◆ **Goal of the exercise**
Look for "摄影by:高主席 一座座造型" in the entries below. Then write out exactly the line that holds it and every line after it, to the last, and nothing else.

◆ **Records shown**
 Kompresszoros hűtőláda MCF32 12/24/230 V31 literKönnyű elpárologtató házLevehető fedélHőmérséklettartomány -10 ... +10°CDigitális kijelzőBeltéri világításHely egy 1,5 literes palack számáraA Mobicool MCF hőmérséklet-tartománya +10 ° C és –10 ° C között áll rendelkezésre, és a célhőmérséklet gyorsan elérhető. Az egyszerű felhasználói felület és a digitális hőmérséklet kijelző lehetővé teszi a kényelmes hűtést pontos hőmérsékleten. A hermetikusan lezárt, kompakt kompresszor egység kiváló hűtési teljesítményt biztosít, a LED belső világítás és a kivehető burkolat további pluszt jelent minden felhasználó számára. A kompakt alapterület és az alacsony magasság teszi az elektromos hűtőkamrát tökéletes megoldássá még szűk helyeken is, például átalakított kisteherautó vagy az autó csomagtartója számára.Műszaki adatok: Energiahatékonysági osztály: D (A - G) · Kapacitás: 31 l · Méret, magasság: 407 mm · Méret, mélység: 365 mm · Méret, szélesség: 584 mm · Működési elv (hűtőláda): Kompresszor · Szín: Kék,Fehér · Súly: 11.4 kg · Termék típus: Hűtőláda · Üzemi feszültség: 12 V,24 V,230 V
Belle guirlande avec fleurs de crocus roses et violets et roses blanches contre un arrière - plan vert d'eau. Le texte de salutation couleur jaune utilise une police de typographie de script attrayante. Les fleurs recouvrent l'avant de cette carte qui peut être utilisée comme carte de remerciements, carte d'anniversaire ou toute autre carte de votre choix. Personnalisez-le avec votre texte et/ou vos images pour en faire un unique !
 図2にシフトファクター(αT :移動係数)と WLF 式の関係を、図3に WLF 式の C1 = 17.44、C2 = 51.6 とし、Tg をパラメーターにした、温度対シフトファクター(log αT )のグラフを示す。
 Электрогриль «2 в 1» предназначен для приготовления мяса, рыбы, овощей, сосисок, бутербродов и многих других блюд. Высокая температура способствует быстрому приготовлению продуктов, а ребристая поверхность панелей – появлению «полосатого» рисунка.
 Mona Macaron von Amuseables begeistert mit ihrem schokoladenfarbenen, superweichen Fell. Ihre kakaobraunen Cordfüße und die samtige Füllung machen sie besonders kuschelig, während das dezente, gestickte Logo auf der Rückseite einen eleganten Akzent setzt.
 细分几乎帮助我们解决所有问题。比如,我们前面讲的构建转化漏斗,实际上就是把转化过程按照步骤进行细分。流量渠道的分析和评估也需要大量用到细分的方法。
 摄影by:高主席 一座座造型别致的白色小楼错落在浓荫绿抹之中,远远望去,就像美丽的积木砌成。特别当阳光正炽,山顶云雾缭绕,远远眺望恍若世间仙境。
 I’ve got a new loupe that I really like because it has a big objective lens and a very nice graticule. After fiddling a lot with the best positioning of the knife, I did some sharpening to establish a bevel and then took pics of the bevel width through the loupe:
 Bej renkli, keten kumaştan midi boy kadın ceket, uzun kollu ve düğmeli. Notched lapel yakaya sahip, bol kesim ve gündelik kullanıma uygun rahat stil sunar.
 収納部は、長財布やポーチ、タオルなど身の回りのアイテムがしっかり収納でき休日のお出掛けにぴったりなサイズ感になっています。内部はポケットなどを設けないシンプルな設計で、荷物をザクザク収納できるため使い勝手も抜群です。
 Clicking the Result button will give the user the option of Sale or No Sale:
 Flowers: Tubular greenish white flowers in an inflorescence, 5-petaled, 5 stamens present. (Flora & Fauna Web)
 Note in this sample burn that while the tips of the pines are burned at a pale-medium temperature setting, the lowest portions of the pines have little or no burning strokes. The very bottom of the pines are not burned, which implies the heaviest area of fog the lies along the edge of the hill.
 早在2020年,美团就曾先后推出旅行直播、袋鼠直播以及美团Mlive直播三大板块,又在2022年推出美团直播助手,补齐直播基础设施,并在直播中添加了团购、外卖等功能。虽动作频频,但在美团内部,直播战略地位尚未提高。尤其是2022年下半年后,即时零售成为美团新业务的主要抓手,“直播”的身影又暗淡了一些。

◆ **Written response**
 摄影by:高主席 一座座造型别致的白色小楼错落在浓荫绿抹之中,远远望去,就像美丽的积木砌成。特别当阳光正炽,山顶云雾缭绕,远远眺望恍若世间仙境。
 I’ve got a new loupe that I really like because it has a big objective lens and a very nice graticule. After fiddling a lot with the best positioning of the knife, I did some sharpening to establish a bevel and then took pics of the bevel width through the loupe:
 Bej renkli, keten kumaştan midi boy kadın ceket, uzun kollu ve düğmeli. Notched lapel yakaya sahip, bol kesim ve gündelik kullanıma uygun rahat stil sunar.
 収納部は、長財布やポーチ、タオルなど身の回りのアイテムがしっかり収納でき休日のお出掛けにぴったりなサイズ感になっています。内部はポケットなどを設けないシンプルな設計で、荷物をザクザク収納できるため使い勝手も抜群です。
 Clicking the Result button will give the user the option of Sale or No Sale:
 Flowers: Tubular greenish white flowers in an inflorescence, 5-petaled, 5 stamens present. (Flora & Fauna Web)
 Note in this sample burn that while the tips of the pines are burned at a pale-medium temperature setting, the lowest portions of the pines have little or no burning strokes. The very bottom of the pines are not burned, which implies the heaviest area of fog the lies along the edge of the hill.
 早在2020年,美团就曾先后推出旅行直播、袋鼠直播以及美团Mlive直播三大板块,又在2022年推出美团直播助手,补齐直播基础设施,并在直播中添加了团购、外卖等功能。虽动作频频,但在美团内部,直播战略地位尚未提高。尤其是2022年下半年后,即时零售成为美团新业务的主要抓手,“直播”的身影又暗淡了一些。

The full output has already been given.